> But notice the pattern: SQLite’s wins are on simple, single-row operations where both databases are already sub-millisecond. Stoolap’s wins are on the analytical and complex queries where the difference is 10x to 100x+.
So for a great many workloads, particularly multi-user, SQLite will be faster overall, as most application workloads will have many simple single/few row lookup operations per single/few row update operations, and an order of magnitude less complex analytical queries.
But this should be much faster for genuine analytical operations, and better suited to them due to support for things like temporal storage and queries.
Basically the age-old distinction between optimising for OLTP or OLAP operations.
I would like to see the actual test harness. A 100x improvement is do-able (you're trimming features basically) but I would like to see how you tested it
You raises a valid point about this, added to repo: https://github.com/stoolap/stoolap-node/blob/main/benchmark....
But what is stoolap's binary size? Specifically, WASM size? wa-sqlite is 1.2 MBs.
I dont think the micro benchmarks are fair, as it really doesn't matter if something takes 0.01 ms or 0.001 ms even if its 10x faster.
Until it does ;)
But I still agree - if the benchmark was in memory, Stoolap might be optimized for speed. Sqlite is optimized for persistence, so you have to benchmark on disk and compare how it performs when writes fail.
interesting, github says works for both olap+oltp but it was for go, does the same apply to rust as well? I want to try it in browser is wasm available somewhere or is there any plan to support it? [Edit] looks like it is available for browser here https://stoolap.io/playground/ i will be trying it with my product this weekend, excited to see how it goes.
Blog post written with an LLM, a project that went Go -> Rust -> Node? Also, is it really native? Does it not bind to your already built Rust tool?
I guess I'm a bit confused but don't want to read AI fuzz further
Blog post written with an LLM
What makes you say that?
a project that went Go -> Rust -> Node?
The DB went from Go to Rust. The Node part is the Node DB driver
Does it not bind to your already built Rust tool?
It's in the 3rd paragraph.
I guess I'm a bit confused but don't want to read AI fuzz further
Personally, I'd learn to get used to it.
> > I guess I'm a bit confused but don't want to read AI fuzz further
> Personally, I'd learn to get used to it.
Getting used to it doesn't mean I have to start liking it!
ai;dr is a valid enough reaction IMO, much the same as “can't read without turning off my stalker blocker, fair enough, I'll go elsewhere”. You might think that I'm going to miss out on stuff, I might think that I'm perfectly fine missing out on that stuff and doing something else instead.
> What makes you say that?
No X in between. No Y overhead. Just your Z.
> No serialization overhead. Just your Node.js process talking directly ... through native bindings.
NAPI-RS has no serialisation overhead?
Stoolap looks pretty interesting, anyone want to share their experience of using it?
Never used it but I’ll chime in that the naming choice is unfortunate. For me as an English speaker it collides with stool, a term for excrement.
Agreed but I did click on the post purely cause of its odd choice of name.
Maybe sto-olap was meant by the authors?
So, what's an "ap" then? As a German speaker I am used to the word "stuhl" too. Which means both "stool" and also "chair". So I sit myself on stool every single day!

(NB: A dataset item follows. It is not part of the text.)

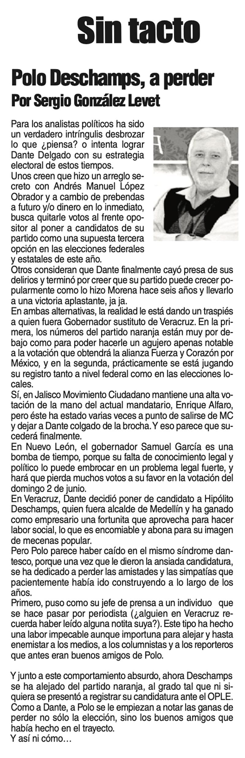 SIN TACTO | POLO DESCHAMPS, A PERDER - Para los analistas políticos ha sido un verdadero intríngulis desbrozar lo que ¿piensa? o intenta lograr Dante Delgado con su estrategia electoral de estos tiempos...
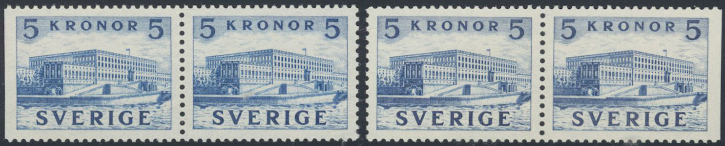 Sweden. Facit 332BC/CB ★★, 1941 The Royal Castle 5 Kr blue, pair 3+4 and 4+3. With wide margins.

> I am used to the word "stuhl" too. Which means both "stool" and also "chair"
Stool means both stool (a backless chair, usually thought of as wooden with three or four fixed legs but the lack of back is the defining feature and those made of other materials and/or with more legs are still called stools) and stool (solid excrement, as in “stool sample”) in English too.

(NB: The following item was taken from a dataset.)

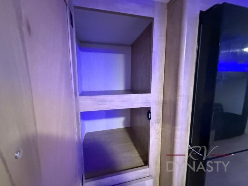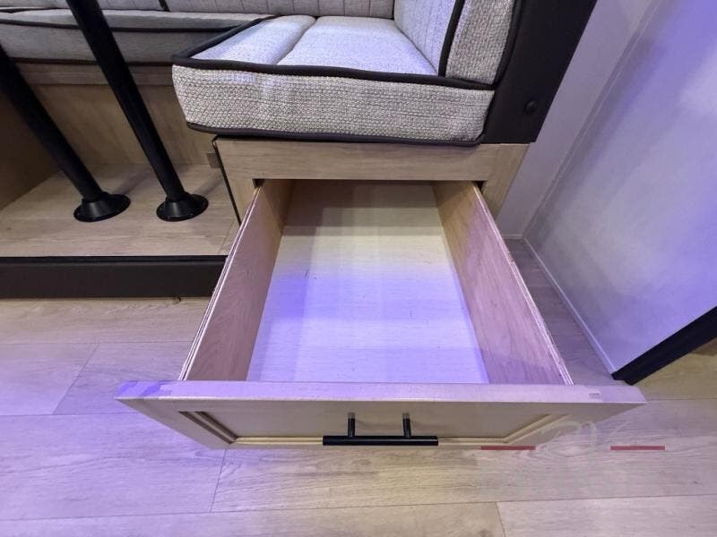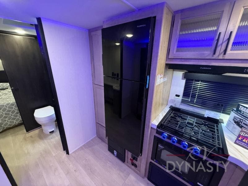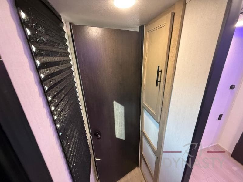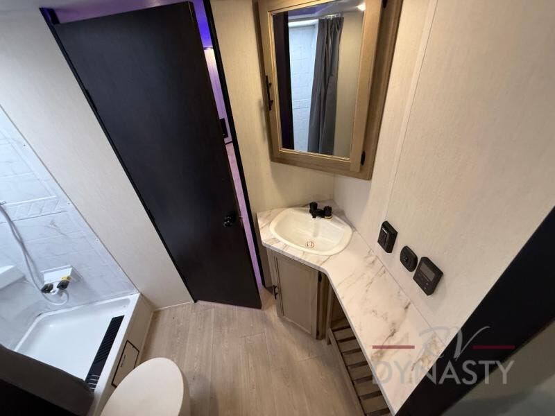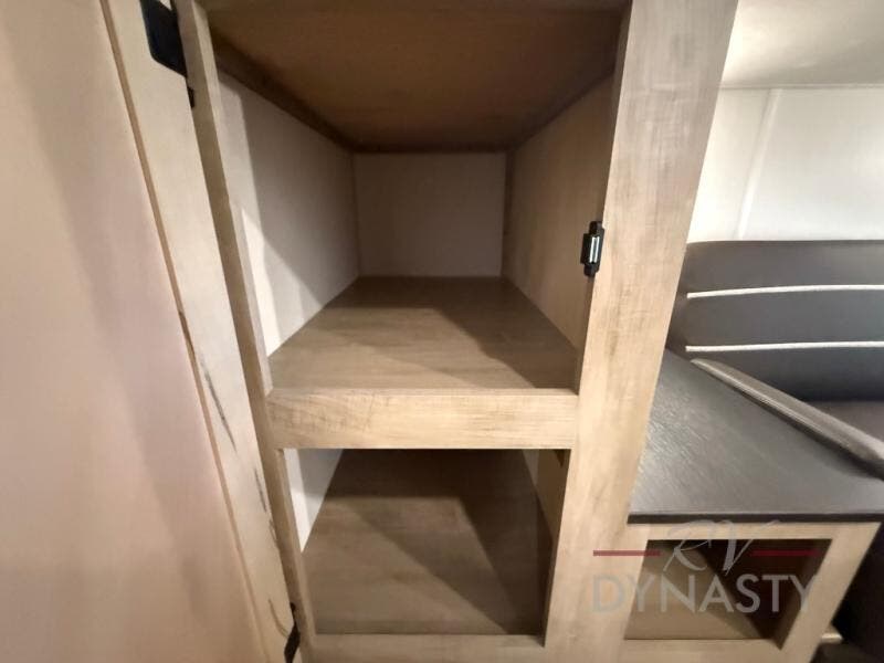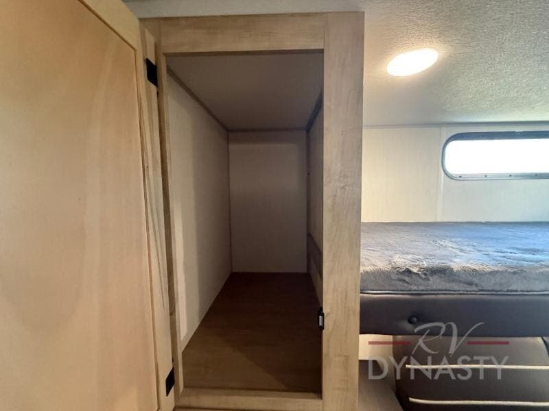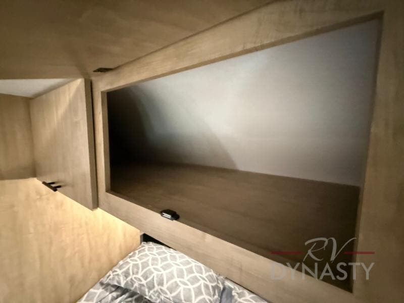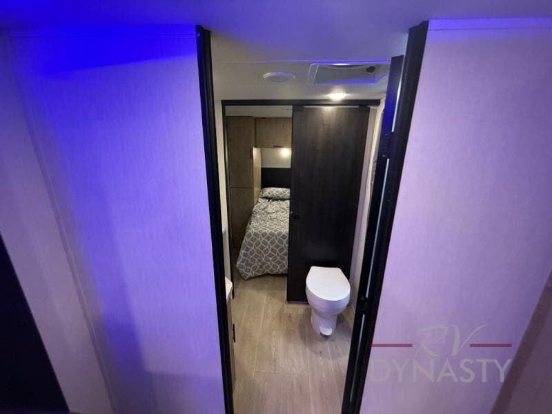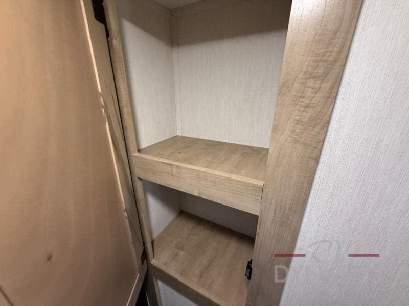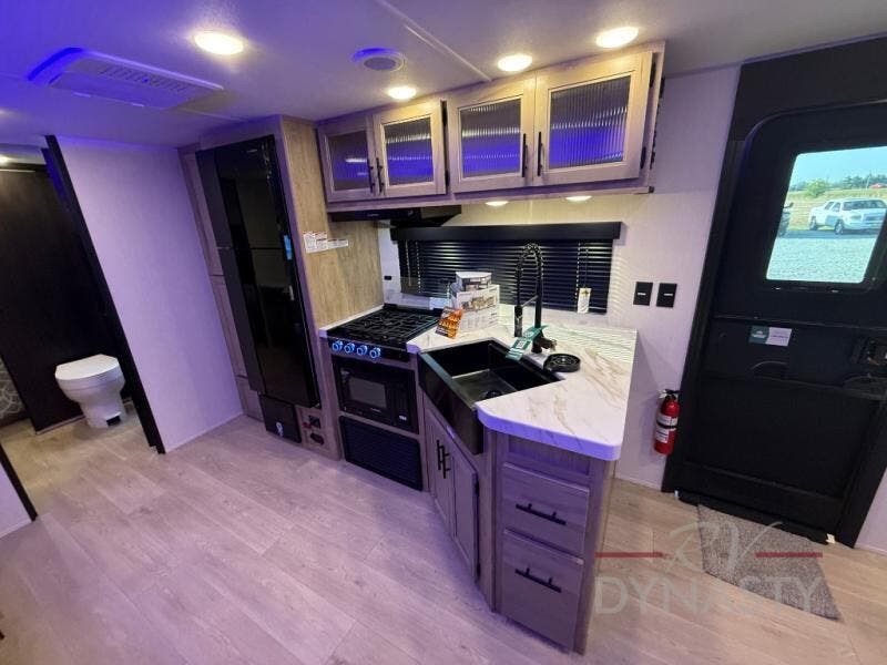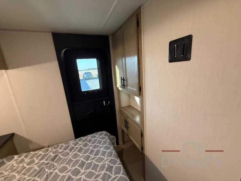 You will love how easy it is to enter/exit this travel trailer with dual entry doors! The rear door leads into the living/kitchen area where you will notice the large U-shaped dinette and the sofa which sit on the slide and create a spacious footprint for moving about, as well as great places to play games and socialize with your friends and family. Plus, there is an entertainment center with a fireplace and a fully equipped kitchen to keep everyone's bellies filled with delicious home cooked meals. At night, there is sleeping space for everyone between the bunks above the sofas with a table in the rear private bunkhouse and the RV king bed in the front private bedroom, plus the furniture can convert into sleeping spaces. The walk-through bathroom leads directly into the bedroom too!

IIRC the something-to-sit-on meaning came directly from one of English's Germanic influences, we just use it for a different/specific kind of seat, and the association with excrement came either from toilet seats (privy stools) generally or the royal position “groom of the stool” (where it meant cleaning both the privy stool and the royal backside that made that need cleaning).
I wonder if the German language took the second meaning back from English later, or if they both developed at the same time for the same reason at a point when there was shared influence between English and German royal courts.
> So, what's an "ap" then?
In this context my mind went to application. StoolAp sounds like a digestive tracking “health management” tool someone with a scatological bent might have on their phone!
well I wouldn't pronounce it Stool - ap I would go with Stoo - lap. So people's chosen pronunciations may vary.